Bila benar menjadi trilogi, maka film kedua akan menyandarkan kisah pada novel Palace of Treason (2015) dan film ketiga merupakan adaptasi dari novel The Kremlin’s Candidate (2018). Ketiganya adalah karya Jason Matthews.

Francis Lawrence harus menggarap tirlogi ini bila karakter Dominika Egorova mau melekat kuat di benak para penonton seperti yang telah ia lakukan kepada tokoh Katnis Everdeen.

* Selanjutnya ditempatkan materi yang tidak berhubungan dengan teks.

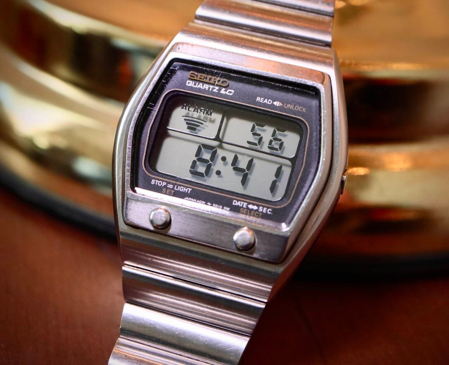 Equally as timeless as its alarm function is the A031-5019’s overall looks. Constructed of an all-stainless-steel case and bracelet, it both runs and feels like a workhorse of a watch. With a 37mm diameter and thickness of only 12mm, it’s a great and slim wear. The chiclet bracelet is such a gem and truly completes the entire look when paired with the geometric case shape. Another selling point to many of these early digital timepieces is the strong contrast of the LCD screen if the watch was properly preserved and maintained throughout its life. The numbers jump out at you when you look down at them, and the shadows the digits cast on the screen’s backing are unrivaled to today’s digitals.

Sekaligus menguatkan karakter protagonis agen intelijen perempuan yang tidak hanya mengandalkan teknologi dan kemampuan bela diri, melainkan memanfaatkan pesona tubuh dan keterampilan membaca pikiran orang.

—–

Red Sparrow (2018)

Sutradara: Francis Lawrence; Penulis Skenario: Justin Haythe; Produser: Peter Chernin, Steven Zaillian, Jenno Topping, David Ready; Genre: Misteri, Thriller, Aksi; Kode Rating: +21; Durasi: 140 Menit; Perusahaan Produksi: Chernin Entertainment; Bujet Film: US$ 69 Juta

Pemeran: Dominika Egorova (Jennifer Lawrence), Nathaniel “Nate” Nash (Joel Edgerton), Ivan Egorov (Matthias Schoenaerts), Senator Stephanie Boucher (Mary-Louise Parker), Jenderal Vladimir Andreievich Korchnoi (Jeremy Irons), Nina Egorova (Joely Richardson), Pelatih Kepala Sparrow School (Charlotte Rampling)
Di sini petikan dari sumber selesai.